Source data>
- - - - - - -

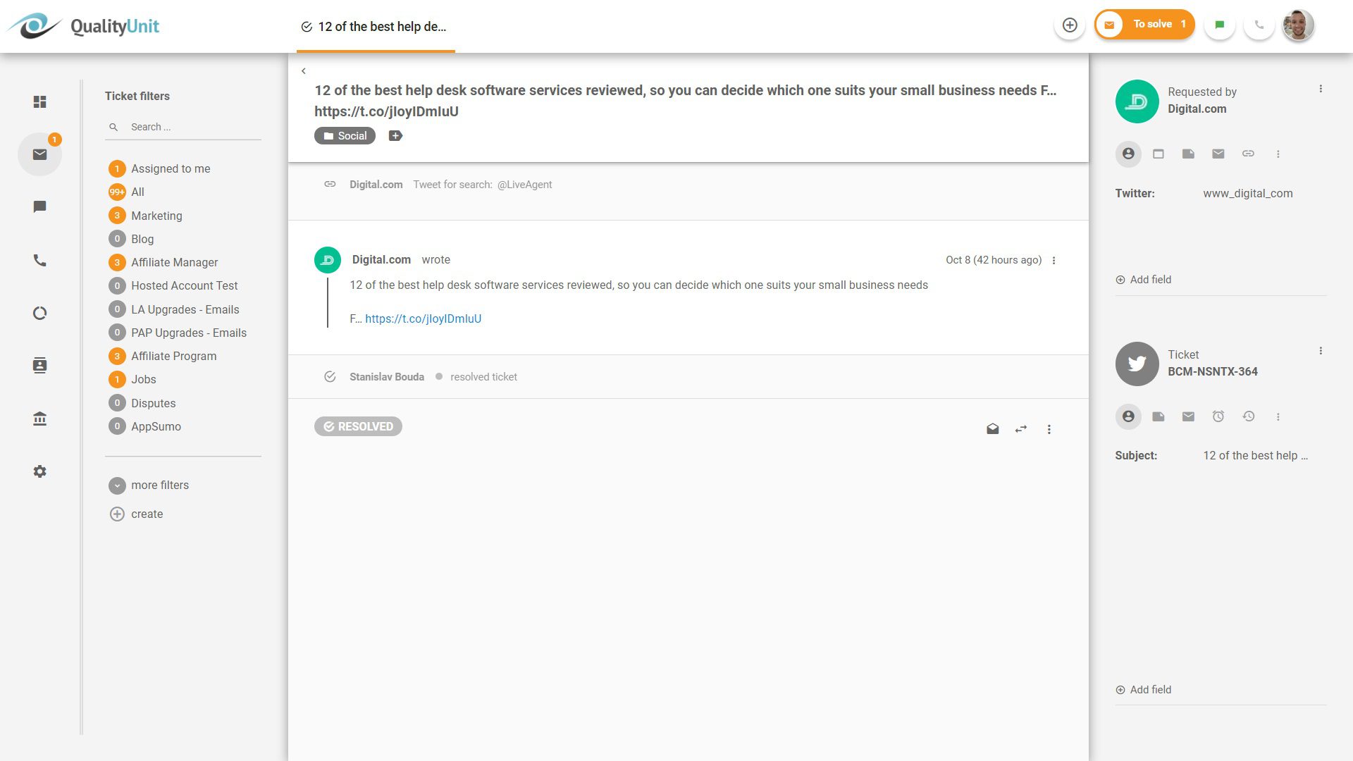 Ne vidite širu sliku? Alternative za službe za korisnike društvenih mreža vam omogućavaju da uvijek budete u toku! Pratite put rješavanja svakog korisničkog problema preko čavrljanja uživo, društvenih mreža, e-pošte ili telefona u jednom razgovoru zahtjeva za podršku. Tako je jednostavno!
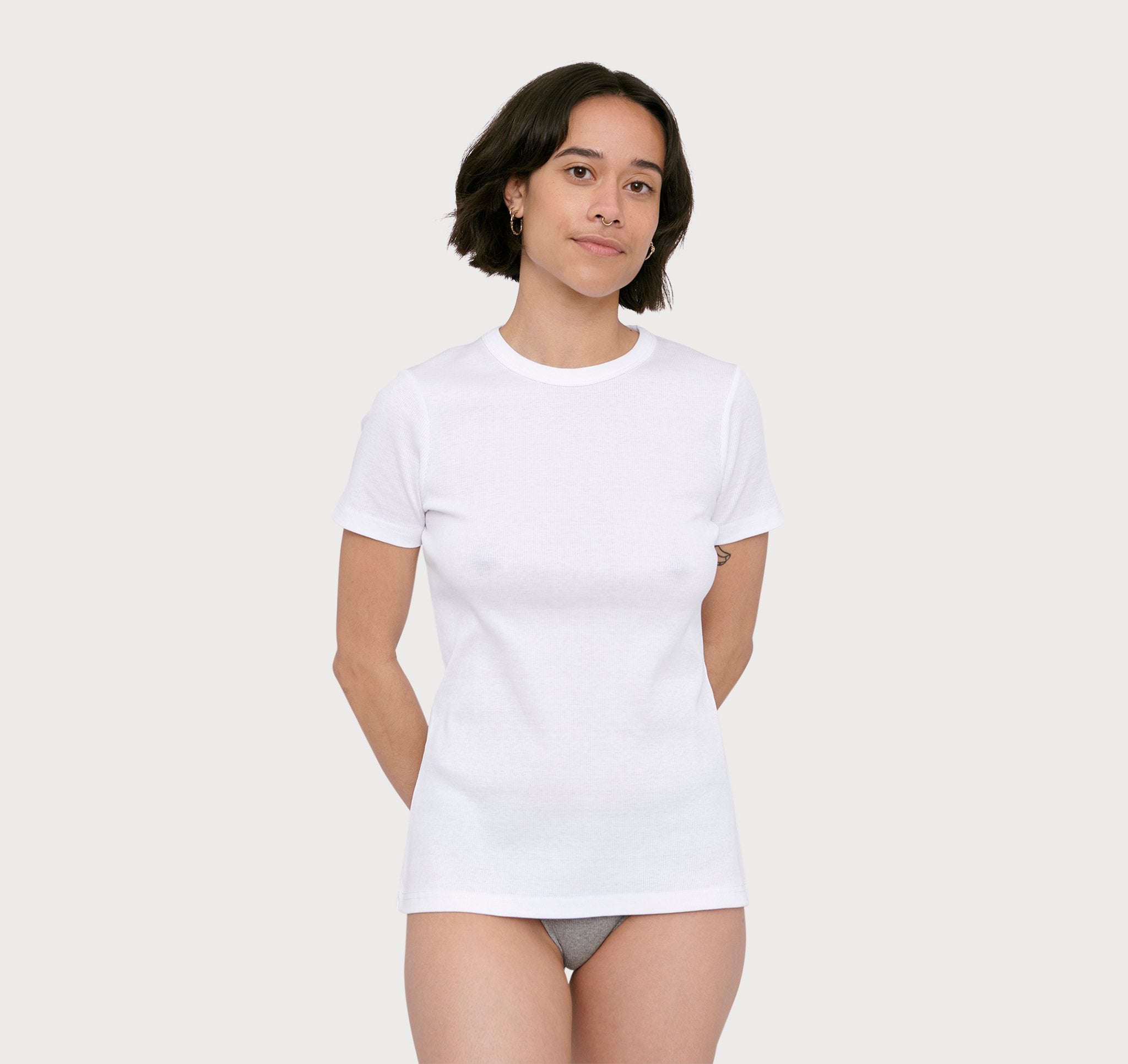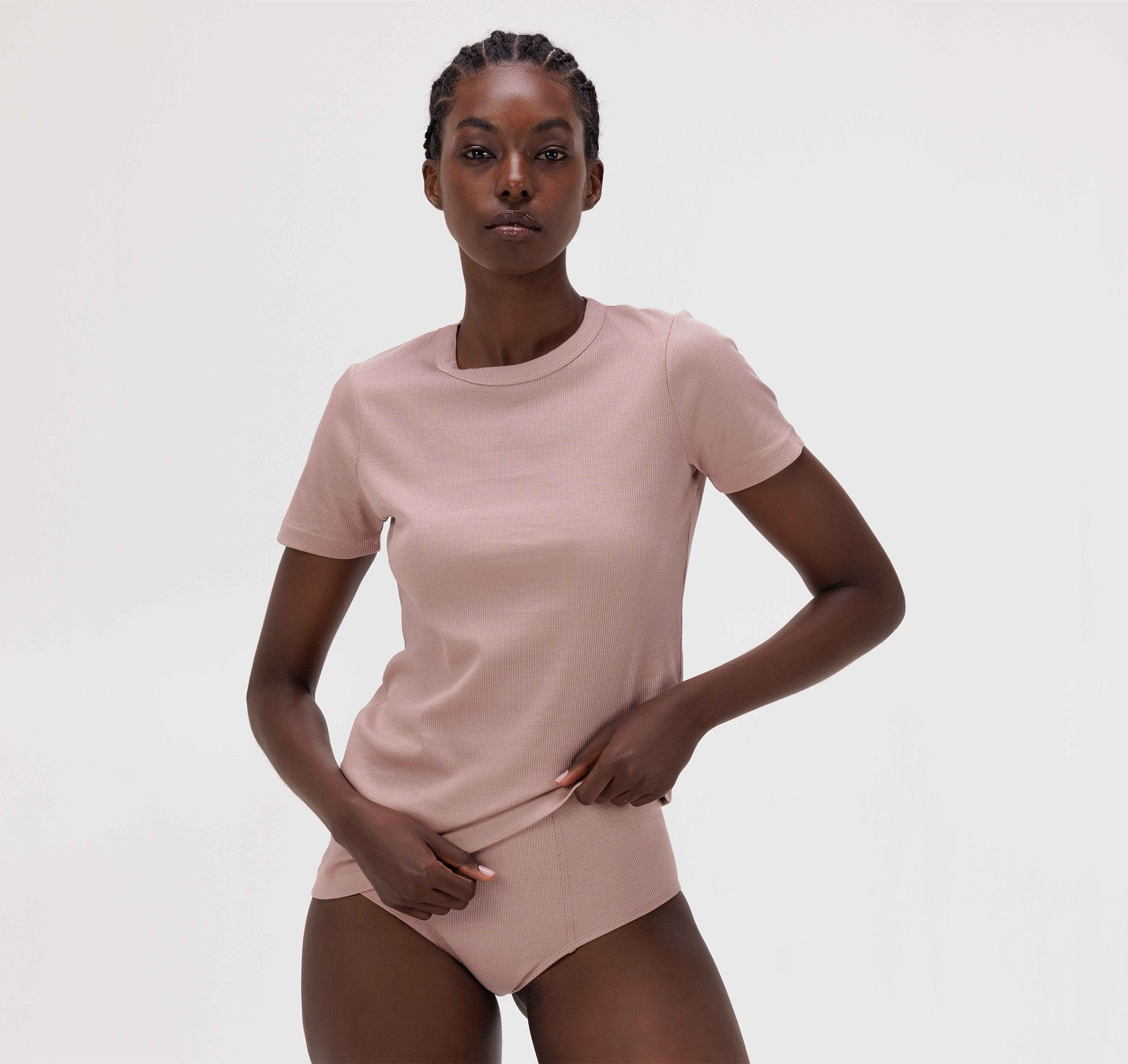 This ribbed texture tee is made from 100% organic cotton to feel stretchy, soft, and super comfortable.
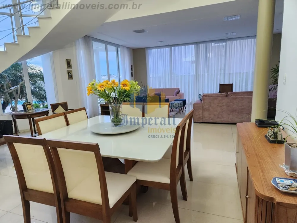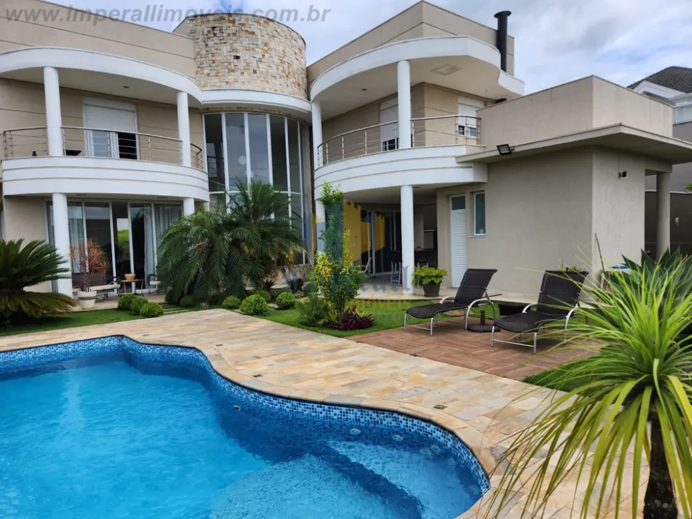 Lindo sobrado com acabamento de muito bom gosto, Casa com geração de Energia Fotovoltaica, possui 4 suítes, sendo uma master com sala de banho, armários planejados, 4 varandas, 3 salas sendo uma com pé direito duplo, 1 sala de home, sala de estar, sala de jantar, lavabo, escritório, copa, cozinha planejada, área de serviço com armários planejados, quartinho de serviço, área gourmet completa com piscina com hidro, churrasqueira, forno de pizza, wc de piscina, aquecimento solar em toda a casa e aquecimento solar na piscina, janelas dos quartos abertura com controle remoto, sistema de pressurização de água.

- - - - - - -

Task directions> The response is to contain exactly the lines from the beginning of the data through the line containing "This ribbed texture", both ends included, and nothing else; omit the pictures.

Response area>
 Ne vidite širu sliku? Alternative za službe za korisnike društvenih mreža vam omogućavaju da uvijek budete u toku! Pratite put rješavanja svakog korisničkog problema preko čavrljanja uživo, društvenih mreža, e-pošte ili telefona u jednom razgovoru zahtjeva za podršku. Tako je jednostavno!
 This ribbed texture tee is made from 100% organic cotton to feel stretchy, soft, and super comfortable.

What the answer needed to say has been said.